Paper No. 323-13
Presentation Time: 12:00 PM
MODELING THE EVOLUTION OF THE MONTSERRAT ANTICLINE AND HAPPY VALLEY FAULT IN THE NORTH CANTERBURY REGION ON THE SOUTH ISLAND OF NEW ZEALAND
Uplift rates from marine terraces constrain the structural evolution of an anticline and associated thrust fault in the seismically active North Canterbury thrust belt on the South Island of New Zealand. The thrust belt is in a region where the Pacific plate transitions from subduction to transpression along the Alpine Fault leading to lateral migration of the Pacific plate’s edge. This lateral migration causes shortening beneath the South Island because basement normal faults related to Cretaceous-Paleogene rifting are reactivated as thrusts. These basement thrust faults generate folds within the North Canterbury thrust belt. In this region, the Montserrat Anticline is exposed along the coast where a spectacular flight of marine terraces records late Pleistocene tectonic uplift. The landward vergent anticline folds a Cretaceous to Pleistocene cover sequence. Paralleling the anticline’s northwest limb, a fault thrusts Mesozoic basement rock against a Pliocene formation at the anticline’s north end and thrusts a Miocene formation against an early Oligocene formation at the south end. This contact reflects motion on a seaward dipping reverse fault rooted within the early Mesozoic basement. To constrain uplift and fault slip rates, fault-related fold kinematics were modeled using the trishear fold model appropriate for basement faults that drive cover sequence folding. Batch inverse models were run to generate the bedrock geology and bedding attitudes and to develop probability density distributions for important variables such as fault dip and slip.

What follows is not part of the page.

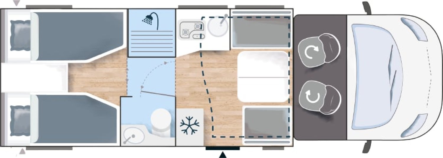 Store extérieur, panneau solaire éclairage extérieur, moustiquaire de porte, store cabine, compléments couchage lits jumeaux, caméra de recul, kit pose 2ème batterie, système multimédia, Apple car play, commandes au volant, antenne radio DAB, balisage LED au sol, caillebotis de douche, chauffage carburant utilisable en roulant à commande digitale programmable, climatisation manuelle cabine, conception IRP, plancher 64mm, double airbag, douchette extérieure, ESP, fenêtres double vitrage, feux antibrouillards, Fix and go, housses cabines assorties à la cellule, isolation marche d'entrée, lanterneau panoramique ouvrant, matelas prémium, pare-chocs avant couleur carrosserie, 2 penderies Fermeture centralisée porteur et cellule, prise de gaz extérieure, prises USB, panneau solaire pré-équipement TV, régulateur/limitateur de vitesse, rétroviseurs électriques dégivrants, start & stop, sièges cabine pivotants réglables en hauteur avec double accoudoir, voilages, dressings avec tiroir, éclairage marche d'entrée, feux et essuie-glaces automatiques, frein à main électrique, jantes en alliage 16 pouces noires, miroir entée rétro-éclairé, fixation isofix, porte cellule XL avec fenêtre, range chaussure, salle d'eau avec fenêtre, alerte anticollision, contrôle franchissement de lignes, détecteur de pluie et de luminosité, parebrise chauffant, convertisseur 2000W, ventilateur avec extracteur dans la chambre.

Marine terraces were dated using amino acid racemization and optically stimulated luminescence. Preliminary results date the upper terrace at 114.3 +/-5.8ka, MIS 5 indicating a regional uplift rate of 1.1 +/-0.1m/ka. On the anticline’s southeast limb, a fault scarp offsets the MIS 5 terrace by 15m and has an uplift rate of 0.13 +/-0.07m/ka. Since 1840, 16 plus earthquakes of Mw6.0 or greater have been recorded within this region. Mw6.0 earthquakes average 0.6m of vertical offset, which means a recurrence interval of 4,600 years for this fault. A recurrence interval of 7,600 years would be expected for Mw7.0 event.